A former construction worker turned food delivery rider, Wang Jibing has written thousands of poems inspired by life on the road, giving voice to China's unseen urban laborers

By Yi Ziyi , Qiu Qiyuan Updated May.1

Wang Jibing shares one of his books during an appearance on a popular TV talk show, Shanghai, June 2, 2023 (Photo by VCG)

Attached to the back of their mopeds, a food delivery rider's insulated box usually carries meals, rain gear and spare batteries. 

Wang Jibing's also holds two more essentials: a notebook and pen. 

Between orders, the 57-year-old writes about the streets, workers and fleeting moments he encounters on the job in Kunshan, East China's Jiangsu Province - prose that has made Wang one of China's most widely read grassroots poets. 

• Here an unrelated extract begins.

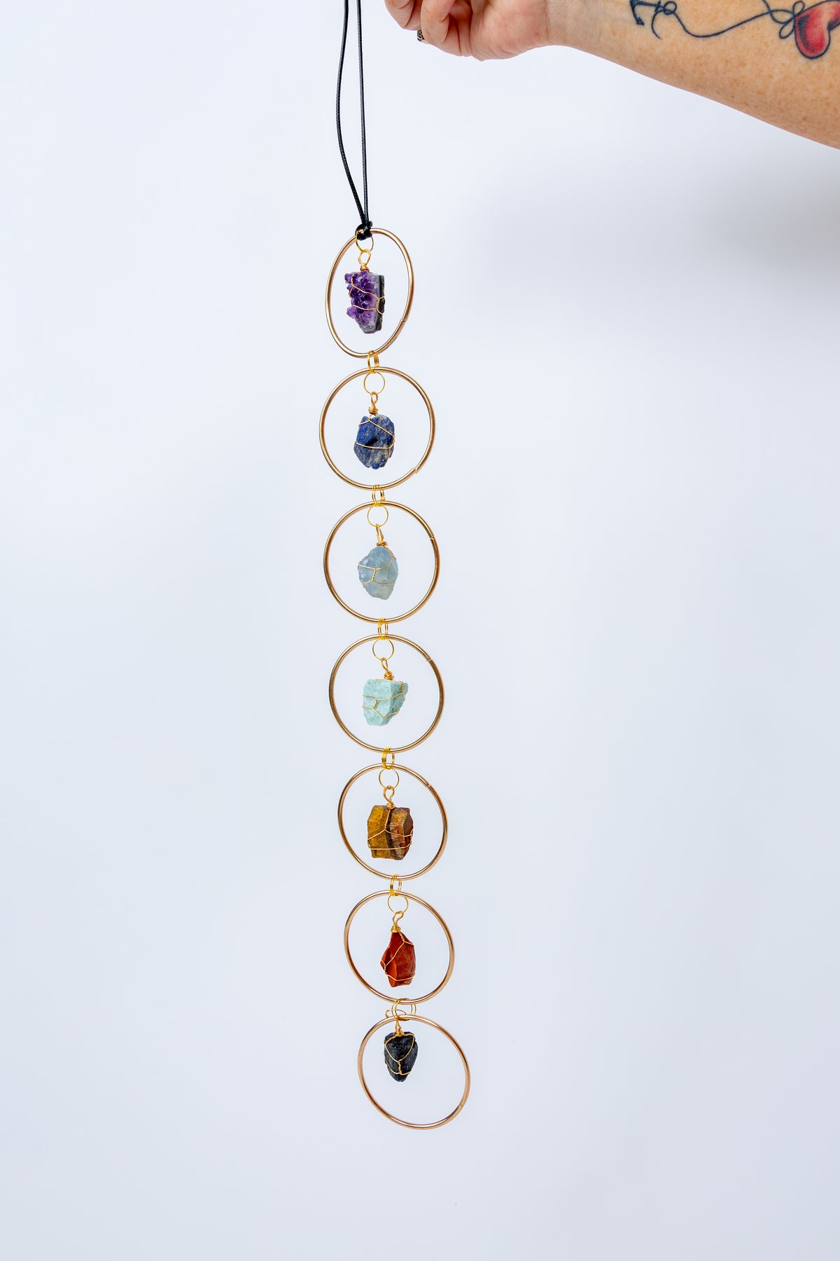 Designed to bring both earthy elegance and energetic presence, this piece is perfect for hanging in a window, entryway, or sacred corner. Each stone carries its own vibration, inviting grounding, protection, inspiration, and harmony into your environment.

Since becoming a delivery rider in 2018, Wang has maintained a simple routine. During the day, he runs deliveries through the city. When lines come to him, he records them immediately, often sending voice messages to himself on WeChat. 

At night, after returning to the small grocery store he and his wife own, Wang sits behind the counter amid packs of cigarettes, candy and batteries. He listens to the day's voice notes and reshapes them into poems. Over the past three decades, he has written more than 6,000.

Poetry in Motion
Writing has been almost Wang's only refuge. 

Born in 1969 into a poor family in a small village in Xuzhou, Jiangsu Province, Wang dropped out of middle school due to financial hardship. At 19, he left home for Shenyang, Liaoning Province in northeastern China to work on construction sites. 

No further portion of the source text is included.